> **RECORDS FOR THE EXERCISE**
....
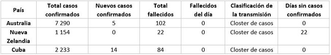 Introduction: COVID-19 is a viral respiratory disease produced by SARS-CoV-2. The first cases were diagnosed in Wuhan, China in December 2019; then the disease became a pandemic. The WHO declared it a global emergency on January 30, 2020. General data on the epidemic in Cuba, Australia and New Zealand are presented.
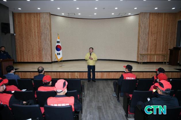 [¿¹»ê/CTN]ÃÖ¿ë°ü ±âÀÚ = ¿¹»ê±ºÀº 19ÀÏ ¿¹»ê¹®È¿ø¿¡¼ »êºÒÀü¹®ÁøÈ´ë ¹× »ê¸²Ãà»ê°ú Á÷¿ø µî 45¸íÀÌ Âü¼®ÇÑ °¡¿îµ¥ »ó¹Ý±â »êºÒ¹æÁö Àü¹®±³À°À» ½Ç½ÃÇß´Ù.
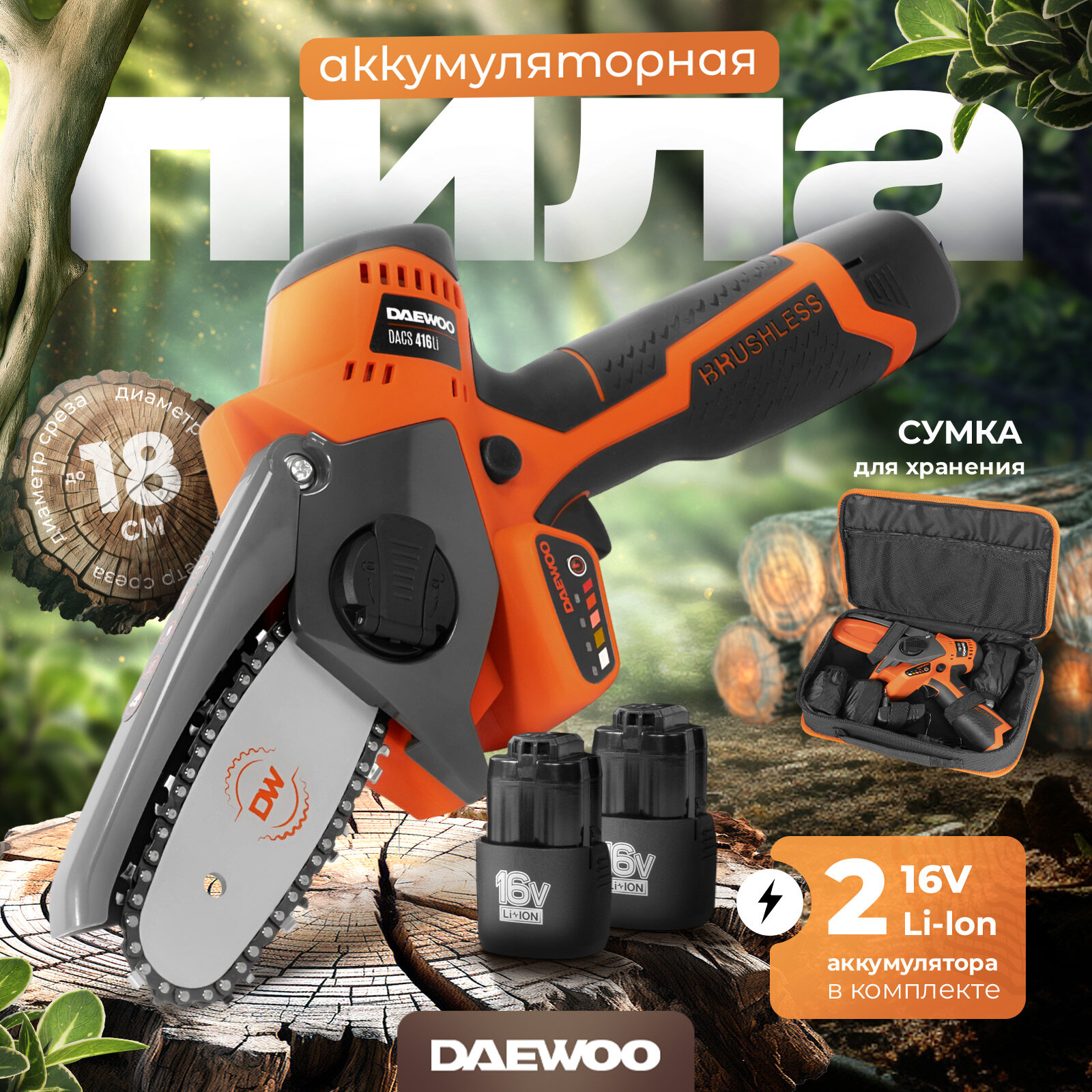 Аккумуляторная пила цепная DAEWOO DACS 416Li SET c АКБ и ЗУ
....
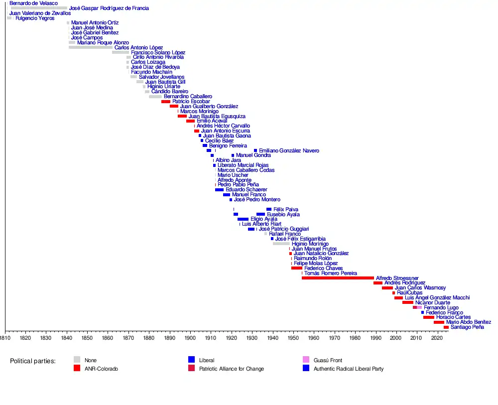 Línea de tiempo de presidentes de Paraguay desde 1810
....
> **THE TASK**
When you reach the line containing "Á÷¿ø µî 45¸íÀÌ" in the entries above, begin restating word for word, and stop once the line containing "Аккумуляторная пила цепная" has been given. Omit the pictures.

> **RESPONSE TO THE TASK**
 [¿¹»ê/CTN]ÃÖ¿ë°ü ±âÀÚ = ¿¹»ê±ºÀº 19ÀÏ ¿¹»ê¹®È¿ø¿¡¼ »êºÒÀü¹®ÁøÈ´ë ¹× »ê¸²Ãà»ê°ú Á÷¿ø µî 45¸íÀÌ Âü¼®ÇÑ °¡¿îµ¥ »ó¹Ý±â »êºÒ¹æÁö Àü¹®±³À°À» ½Ç½ÃÇß´Ù.
 Аккумуляторная пила цепная DAEWOO DACS 416Li SET c АКБ и ЗУ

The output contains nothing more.